In order to overcome this problem, device manufacturers have come up with various test strategies. One approach is to functionally test each device using a known test sequence and to analyze the response of the device under test to the known test sequence. If the response is correct, then the device has passed that particular test and further tests can be conducted.
The functional test approach is reasonably effective for relatively simple devices with relatively few possible responses to a relatively few number of possible inputs. As devices become much more complex, however, functional testing quickly becomes a very lengthy process as the number of possible input stimuli to the device increases. Consequently, functional testing has not proved to be an effective approach for testing VLSI devices.
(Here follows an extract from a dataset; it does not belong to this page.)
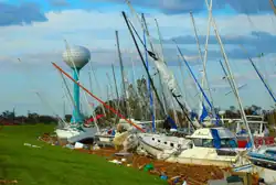 On September 24, 2005, Hurricane Rita made landfall between Sabine Pass, Texas, and Johnson Bayou, Louisiana, as a category 3 hurricane. A wind gust of 116 mph (187 km/h) was recorded in Port Arthur. The storm caused widespread significant wind damage throughout the city, with power outages lasting several weeks in some locations. Some areas of the city also received flooding due to Rita.[23]

To overcome this difficulty, various other approaches have been suggested. The level sensitive scan design approach is one which has been utilized by many design teams. In this approach, a scan path is established which allows data to be scanned into internal registers in a device under test. Then, the device is allowed to run for one or more clock cycles. Thereafter, data is scanned out of the device and compared with the data expected as determined by a logic simulator. When the simulator output and the scanned output do not agree, a manufacturing flaw has been detected.
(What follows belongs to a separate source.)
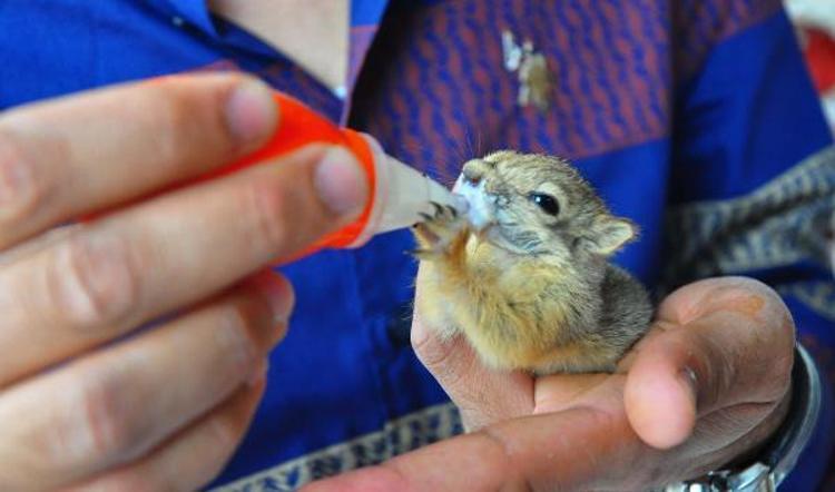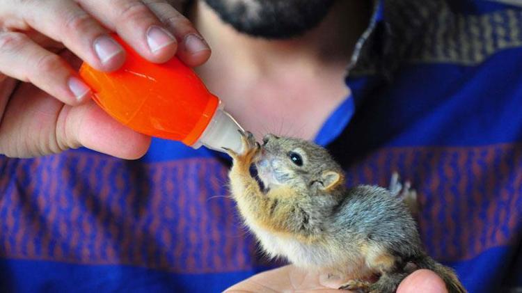 Kaya, hava kararınca sincabı alarak evine götürdü. Yavru sincabı sahipleren ve beslenmesi hakkında araştırma yapan Kaya, biberona doldurduğu süt ile besliyor.

The LSSD design philosophy does have some drawbacks. In the first place, the circuitry required to implement an LSSD design is quite a bit larger in number and size than a comparable design made without compliance with LSSD design rules. In the second place, many circuits, such as flip-flops, are difficult to design and layout in a manner which complies with LSSD design rules. In the third place, circuits which do meet LSSD design rules frequently require a considerably larger number of interconnects which further reduces the actually usable area of a gate array device in which the circuit is included. In the fourth place, typical designs which do comply with LSSD design rules are capacitive thereby slowing the circuit operation.